Colomba ran her hands through her hair and sighed. "So that means Rovere planted the whistle; it wasn't the Father at all."
"Yes, he did it to rope me in to the investigation."
"He was clever, that one."
"Chi per la patria muor vissuto e assai," said Dante, quoting an Italian opera, as if sensing Colomba's thoughts. "He who dies for his country has lived well and truly."
"Hush," she snapped.
"Take as long as you need to process the information. It took me three days, and I'm still not done. Too bad he didn't tell us everything right away, your boss," he added sarcastically. "Maybe we'd be a little further ahead right now."
"He didn't want to-" Colomba began, but she cut herself off immediately.
"Yes, I know," Dante went on with some irritation. "He thought he'd just stumbled onto one more of the ten thousand Italian secrets, and he was afraid of unleashing a scandal. Too bad that the child Bellomo was talking about was me. Or the kid I saw murdered."

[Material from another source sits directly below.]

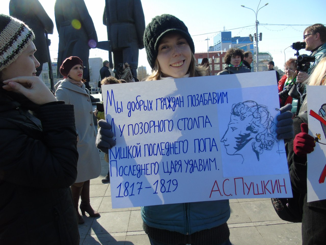 Но насчет девочки, которая держала табличку "Мы добрых граждан позабавим".. она не в курсе, что Пушкин в конце пути стал христианином. А данный стих - пророческий, когда случилось переворот в стране и кровавый террор.
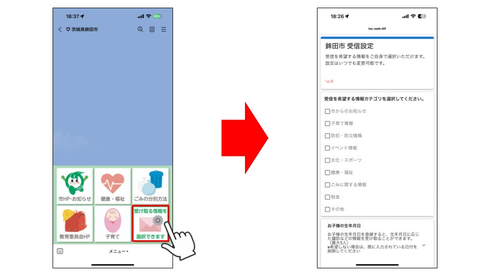 メニューの右下「受け取る情報を選択できます」ボタンより、受信を希望する情報の選択を行うことができます。

"You can't be sure of that."
"Of course I can. Look at the dates. December 1989. That was when I ran away. And the Father's little squadron eliminated all the traces. But Rovere was afraid of the scandal. Muddying the reputation of the institutions." Dante got to his feet and leaned back against the rooftop railing, a black shadow against the city's white light reflected off the clouds. "But he was wrong. It's been twenty-five years. Who do you think gives a damn about a couple of kids who got caught up in some military maneuver? They'd have just covered it all up, anyway."